Road Safety News
 

Familiar face backs new RoadSafe campaign

Tuesday 1st February 2011

RoadSafe for Parents, the campaign that reminds parents of their unique ability to keep young drivers safe, has received backing from Phillip Schofield.

Philip Schofield says: “As a TV presenter, you research, script, rehearse and plan. In short, you leave nothing to chance.

“It should be the same when learning to drive. Better planning and education for young drivers will save lives, and better information for parents is key to keeping our children safe. That’s why I am supporting RoadSafe for Parents.”

According to RoadSafe for Parents there is increasing evidence that social factors have an impact on young drivers, and parental involvement is significant.

Poppy Husband, evidence base researcher for Devon County Council, said: “Research shows, if parents take risks it is likely that their children will too. By monitoring their own driving, parents can play a key role in reducing the number of crashes involving young people.”

Adrian Walsh, RoadSafe director, has offered a number of tips for parents, including: setting a good example; taking a course or driving lesson to bring your skills up-to-date: putting a young driver in the safest car affordable; finding an Approved Driving Instructor (ADI); and thinking of simple solutions to problems such as offering to pick your child up or pay for a taxi.
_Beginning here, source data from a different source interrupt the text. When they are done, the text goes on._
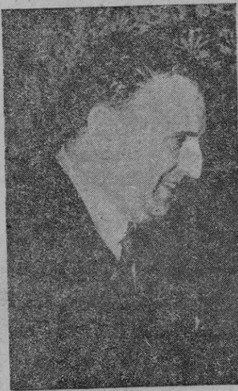
El Ministro de Asuntos Exteriores

vienen recibiendo de los poderosos ayudas cuantiosísimas, que han hecho posible su recuperación económica. Mientras tanto nuestra Patria, por pesar sobre ella el veto ruso se ha tenido que valer de sus propios medios con lo cual su resurgimiento no ha podido seguir el ritmo de las demás naciones.
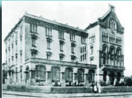
Primer pavelló del Palau de la Mutualitat inaugurat el 1917.

Si té fotografies o documents del seu barri, en pot fer donació a l'Arxiu Municipal del Districte, 93 291 62 28
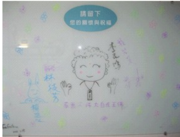
圖八 佛菩薩保佑阿嬤早日恢復健康

傳遞關懷的園地拉近了照顧者與被照顧者間之距離，希望藉此營造一個充滿愛的環境，讓施與受一樣幸福。
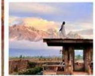
YUN DI AN CAFE
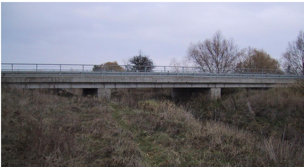
Obr. 5 Silniční most na komunikaci Sadská – Milčice, ř.km 5.68 [1]
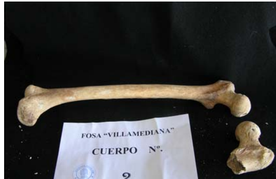
Fémur derecho sin hallazgos, del fémur izquierdo solo se recupera el extremo proximal, el resto desapareció en la exhumación anterior.
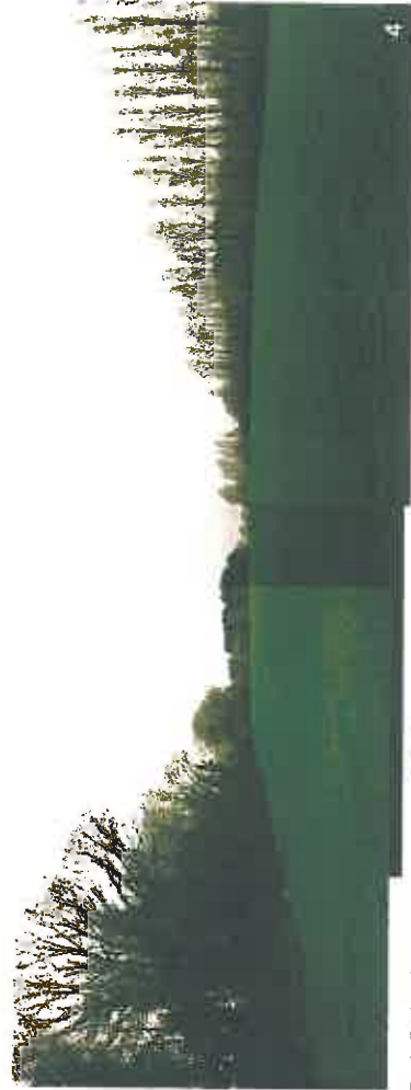
Terrain d'assiette du projet / Haies existantes - partie nord
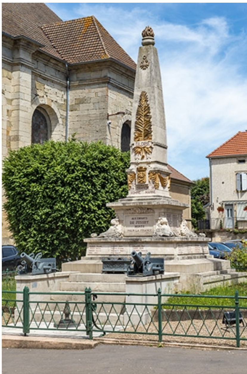
Monument aux morts vu de trois-quart droit.
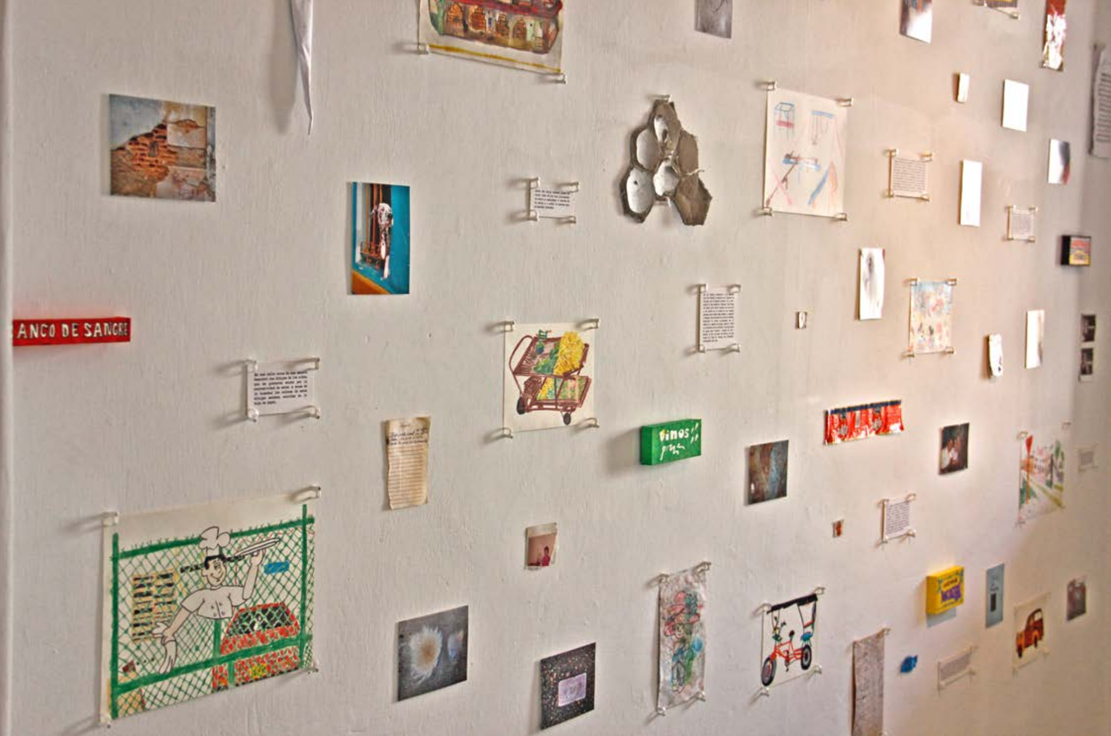
Detailansicht | Acumulación | Wandinstallation | Fotografien, Zeichnungen, Notizen und Fundstücke | Größe ca. 580 x 200 cm
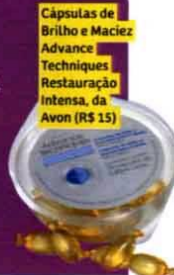
Cápsulas de Brilho e Maciez Advance Techniques Restauração Intensa, da Avon (R$ 15)

Este corte tem um franjão repicado para dentro do cabelo, começando na altura dos olhos. Invista nele se você tem a franja meio lisa ou até mais ondulada.
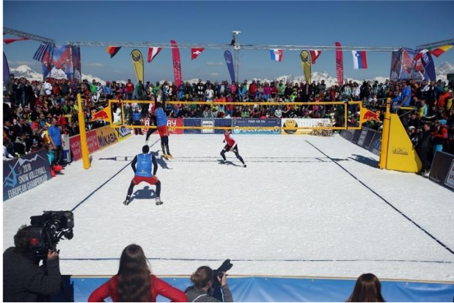
Slika 5. Odbojka na snijegu
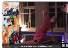
JAHrgang Eine Performance zum Tanz durchs Jahr 4 Aufrufe • vor 3 Jahren
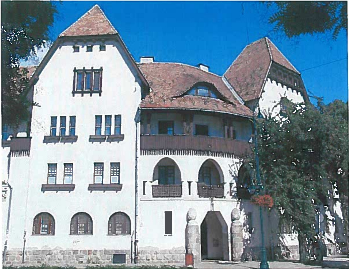
A Kós Károly által tervezett Wekerletelep, Budapest
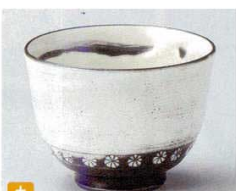
46817-449 三島大汲出し 1,650円 80入 (9.2×7cm・250cc)
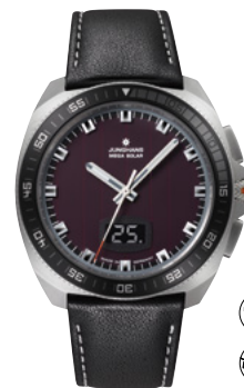
1972 Mega Solar 56/4210.00
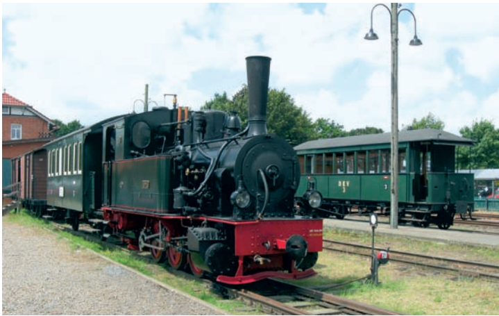
Am 2. Juli 2016, auf den Tag genau 50 Jahre, nachdem der erste Museumszug nach Heiligenberg seine Fahrt aufnahm, stand der Eröffnungszug, bestehend aus Dampflok HOYA (in Vertretung der unpässlichen BRUCHHAUSEN) und Personenwagen 14, am Bahnhof Bruchhausen-Vilsen ausgestellt.
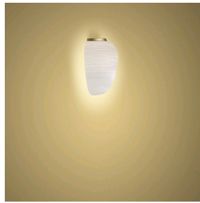
Rituals 3 Parete
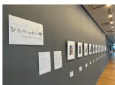
※2022年度実施、参加者作品展「ひらべったい町」開催風景
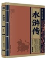
B. 图 2

Schools and organisations can help too. Software company a2om International has donated Drive iQ to more than 3,000 schools across Great Britain.

Nick Rowley, a2om CEO, says: “Parents and guardians have a critical role in helping young people become good, safe drivers.

“We are in the best position to act as role models and pass on our valuable knowledge and experience to help them prepare for things they may face when driving alone.”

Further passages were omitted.